Re: Default setting for enable_hashagg_disk

Поиск
Список
Период
Сортировка
От Jeff Davis
Тема Re: Default setting for enable_hashagg_disk
Дата
Msg-id 6292f5a766198d5745eb8cc17ac736366056671d.camel@j-davis.com
обсуждение исходный текст
Ответ на Re: Default setting for enable_hashagg_disk  (Robert Haas <robertmhaas@gmail.com>)
Ответы Re: Default setting for enable_hashagg_disk
Список pgsql-hackers
On Thu, 2020-04-09 at 15:26 -0400, Robert Haas wrote:
> I think it's actually pretty different.
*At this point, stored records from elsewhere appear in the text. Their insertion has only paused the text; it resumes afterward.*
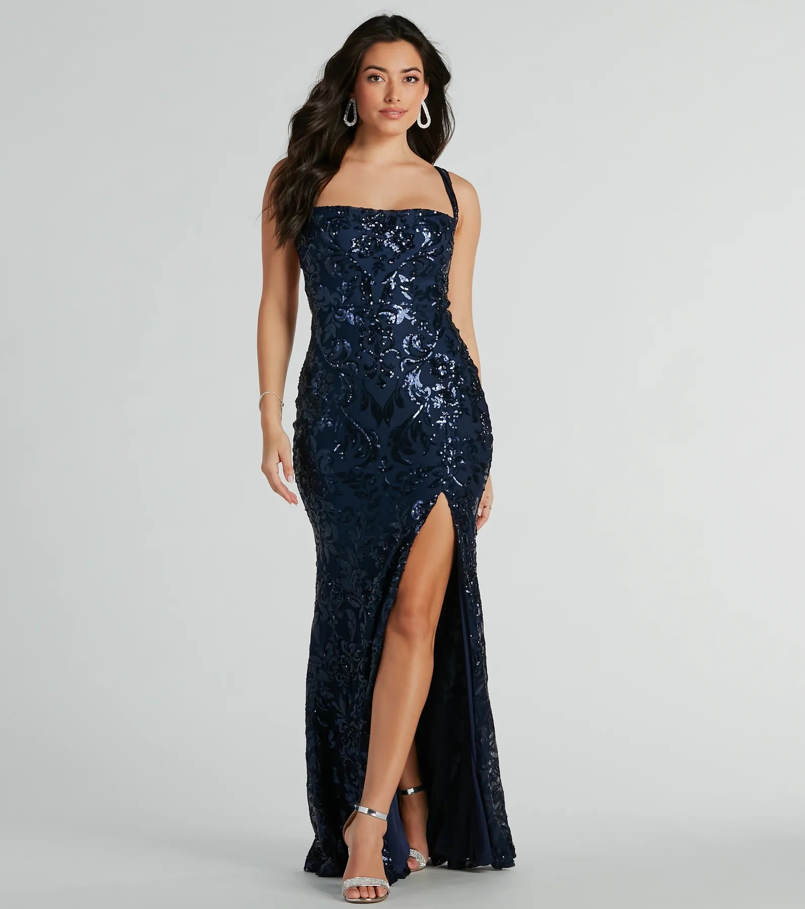 Shimmer like never before in the Moira sequin formal dress that brings glamorous sparkle to charity auctions. black-tie galas. and dances! Turn heads in the flattering sleeveless cowl neckline and a lace-up open back that lets you customize the style. The form-fitting silhouette accentuates your curves and features a high front slit that adds a sophisticated detail along the floor-length hem.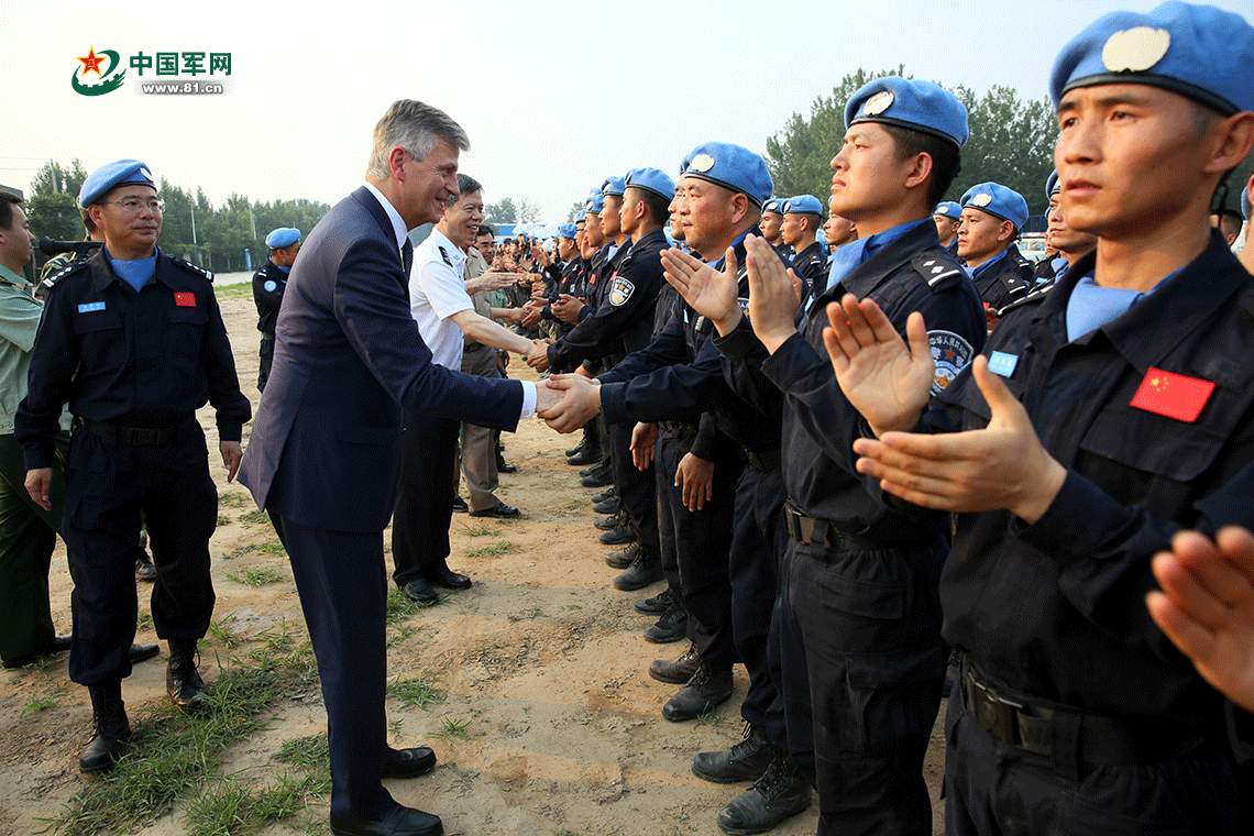 6月30日,聯(lián)合國副秘書長拉克魯瓦與常備維和警隊(duì)隊(duì)員握手。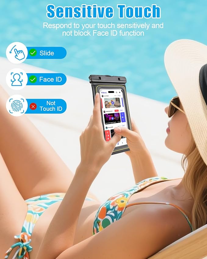 - Precision Design and Sensitive Touch: The waterproof phone case uses high-frequency heat-sealing technology with a seamless design, making it easy to operate the side buttons. Made from high-quality soft PVC material with a transparent front window, it allows easy access to the touchscreen, camera, calls, and other functions (excluding fingerprint recognition), providing precise touch control and quick response, letting you easily watch videos and check emails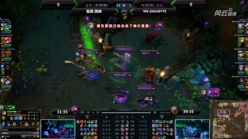 皇族本有机会可以一波带走WE,薇恩却又被大虫子意外的大招收掉,皇族失去了最好的一次机会。WE又趁皇族石头人浪费大招的时机抓住机会一波高地团战收掉安妮后又破了上路,最后在大龙的路上埋伏一波成功击杀对手三人,一举推平对手基地成功拿下第一局。
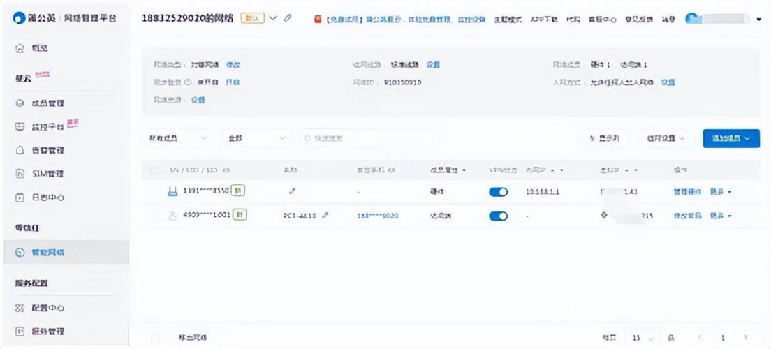 进入云管理接口后,选择的设备被添加为智能群网络接口的成员,然后建立本地网络。 标准版本支持三个用户免费使用,这对于我的家来说足够,而且对于大规模使用场景和企业来说,升级可以购买。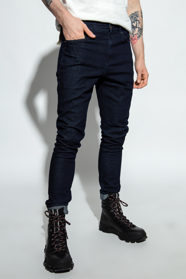 Dark navy blue skinny jeans from Rag & Bone. Made of cotton with Aero Stretch, this pair falls with tapered legs and features a zip fly with a button, classic five pocket and an embroidered white logo on the back.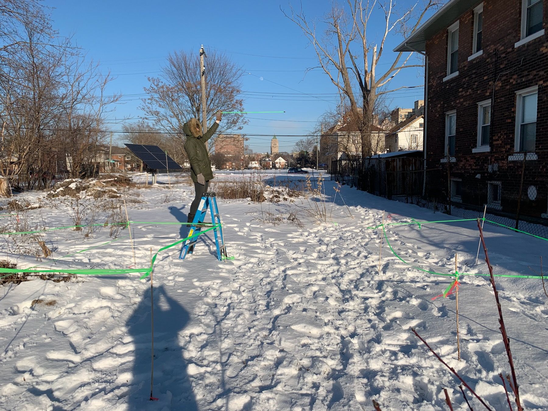 It was really hard to not think about the house as I was staking out the garden. The first time I did it I misunderstood the instructions and thought we were supposed to stake out the house. Artists and graphic designers might relate to the feeling of having to learn, over time, to see the negative space as positive. The stakes, once linked with bright surveyor’s tape, helped a lot with visualizing these different volumes of space, these outdoor rooms.

All of the other enable_*
> GUCs
> disable an entire type of plan node, except for cases where that
> would
> otherwise result in planning failure. This just disables a portion of
> the planning logic for a certain kind of node, without actually
> disabling the whole node type. I'm not sure that's a bad idea, but it
> definitely seems to be inconsistent with what we've done in the past.
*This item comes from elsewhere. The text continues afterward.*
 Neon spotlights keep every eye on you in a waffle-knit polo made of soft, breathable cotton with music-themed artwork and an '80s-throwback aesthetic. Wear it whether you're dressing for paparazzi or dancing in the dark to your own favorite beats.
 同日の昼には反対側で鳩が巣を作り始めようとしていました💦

The patch adds two GUCs. Both are slightly weird, to be honest, but let
me explain the reasoning. I am open to other suggestions.

1. enable_hashagg_disk (default true):

This is essentially there just to get some of the old behavior back, to
give people an escape hatch if they see bad plans while we are tweaking
the costing. The old behavior was weird, so this GUC is also weird.

Perhaps we can make this a compatibility GUC that we eventually drop? I
don't necessarily think this GUC would make sense, say, 5 versions from
now. I'm just trying to be conservative because I know that, even if
the plans are faster for 90% of people, the other 10% will be unhappy
and want a way to work around it.

2. enable_groupingsets_hash_disk (default false):

This is about how we choose which grouping sets to hash and which to
sort when generating mixed mode paths.

Even before this patch, there are quite a few paths that could be
generated. It tries to estimate the size of each grouping set's hash
table, and then see how many it can fit in work_mem (knapsack), while
also taking advantage of any path keys, etc.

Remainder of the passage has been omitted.